Consistent and Fast Inhibition of Colon Carcinogenesis by Polyethylene Glycol in Mice and Rats Given Various Carcinogens¹

Prevention of colorectal cancer is urgently needed. A possible approach is to use dietary chemopreventive agents to prevent the occurrence of preneoplastic lesions, or their progression to invasive cancers. Many agents have been tested in rodents (1), and some are being tested in human volunteers (2). However, no agent has yet been shown to be potent, cheap, and non-toxic enough to be given to people at risk (3). We have previously shown that a diet supplemented with an osmotic laxative virtually suppresses an early putative step in the development of colon cancer in rats(4). The putative step was the number of aberrant crypt foci(ACF)³induced by an azoxymethane injection (5, 6). The laxative was polyethylene-glycol with a molecular weight of 8000 (PEG), whose formula is H-(O-CH₂-CH₂)n-OH,with n = 200. No protection was afforded when PEG was given only during the initiation phase, but PEG suppresses the occurrence of azoxymethane-induced cancers in an accelerated model of carcinogenesis (7). In this model, rats are fed a specially promoting diet containing 23% fat and 20% cooked casein(8, 9). In this report, we provide evidence that PEG is a fast, consistent, and potent inhibitor of early colonic precursor lesions. Moreover, PEG strongly suppressed colon tumor in the standard rat model.

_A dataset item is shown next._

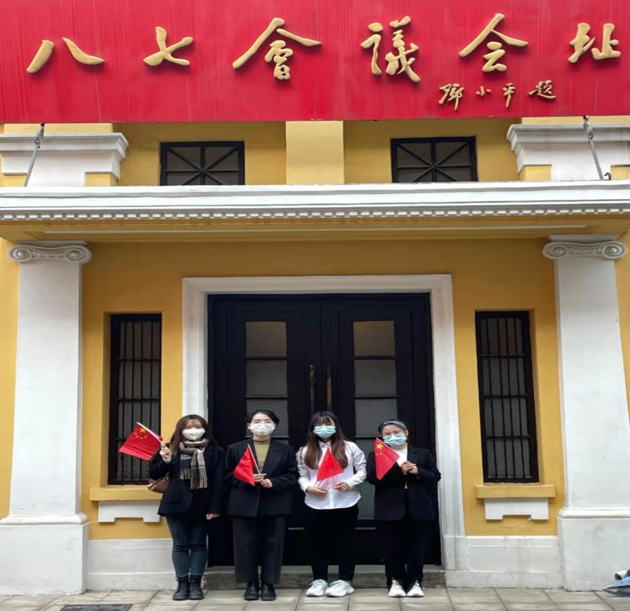团队成员们伫立在八七会议纪念馆前,映入眼帘的是大门正中央邓小平同志题写的“八七会议会址”。
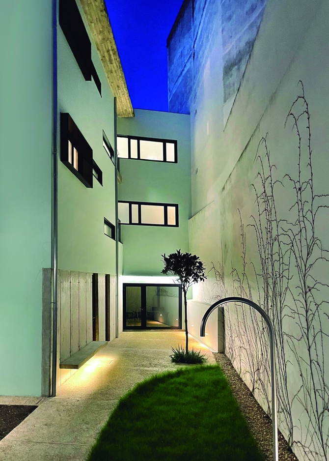 Esto mismo ocurre con la vegetación, los árboles magnolios que recorren la calle Gamazo se incorporan al patio posterior, contemplándose ambos desde los espacios interiores. Por otra parte, el color azul verdoso de las fachadas posteriores se materializa en la fachada principal mediante persianas tradicionales de madera de pino de Soria y cuerda náutica.

Eight sequential experiments were conducted in groups of rodents, to see the consistency of PEG effect against colon carcinogenesis, in a variety of circumstances. In seven short-term studies, the ACF assay was used as end point. The eighth experiment was a long term study with tumor and cancer as end point. A first experiment was done in rats initiated with various carcinogens. Rats in study two were fed various diets. A third experiment was conducted with PEGs from different providers. Sprague Dawley rats and OF1 mice, instead of F344 rats, were used in the fourth experiment. Rats in study five were treated with PEGs of different molecular weights. Rats in study six were treated with PEG for various times, from 1 day to 16 days. The seventh study examined the reversibility of PEG effect, and rats were left untreated for a month after discontinuation of PEG treatment.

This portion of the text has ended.